The faculty shape the purpose of their club. The Stanford club, said Chace, "was more a place to do business than simply to socialize. And it served as a handsome lure for faculty you might want to recruit."

Cody, who works on the Oxford campus, has warmed to the need for a special space for faculty. "I have not been one of the strongest advocates," he admitted. "However, I have been persuaded that it would be useful by those who are strong advocates.

"There are places students can go and be only with students, staff with staff. Are there places where [large numbers] of faculty can go and be with other faculty? Not really," he said.

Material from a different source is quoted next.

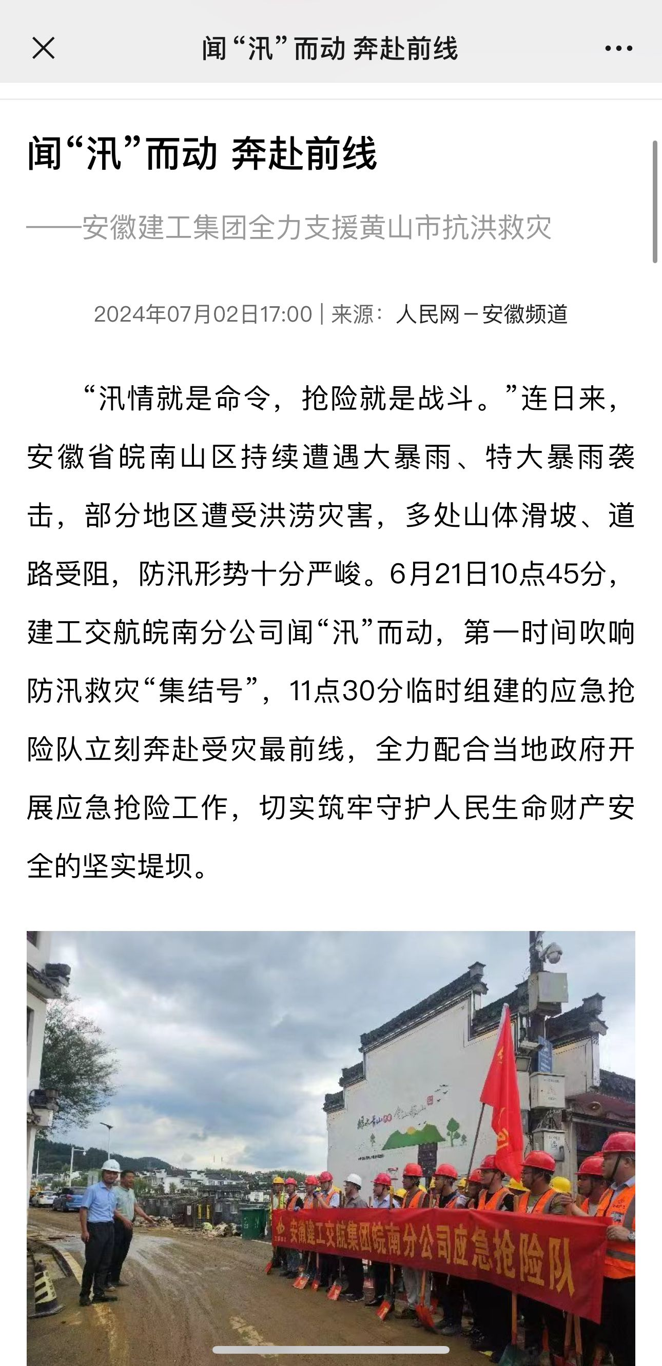 人民網(wǎng)安徽頻道以《聞“汛”而動(dòng) 奔赴前線——安徽建工集團(tuán)全力支援黃山市抗洪救災(zāi)》為題報(bào)道建工交航皖南分公司的搶險(xiǎn)工作。

What's more, Cody added, "It's increasingly hard on the Atlanta campus to secure meeting rooms without a great amount of lead time, which takes away from any spontaneity."

The creation of a special place for faculty could be as simple as shaping or allocating existing spaces, Johnson said. "Moving in the direction of creating space for faculty collegiality should not be stymied by the specter of building a large and elaborate structure," he said.

Then there's the question of cost and location. A club wouldn't be built with general education funds, said Cody, but privately funded. And on Emory's compact campus, where would it go? "If you put a club too far away to be reasonably accessible by foot, it won't be used," said Frye. "If you build a club that's not big enough and supported enough-staffed-to provide infrastructure for certain kinds of activities like seminar rooms and seminar support, what's the point?" he asked.

For Goodman, who admitted ambivalence to the whole idea, the bottom line is this: "If it's a facility that would help us to do the work that we all want to do, that we're all so passionate about, that's great."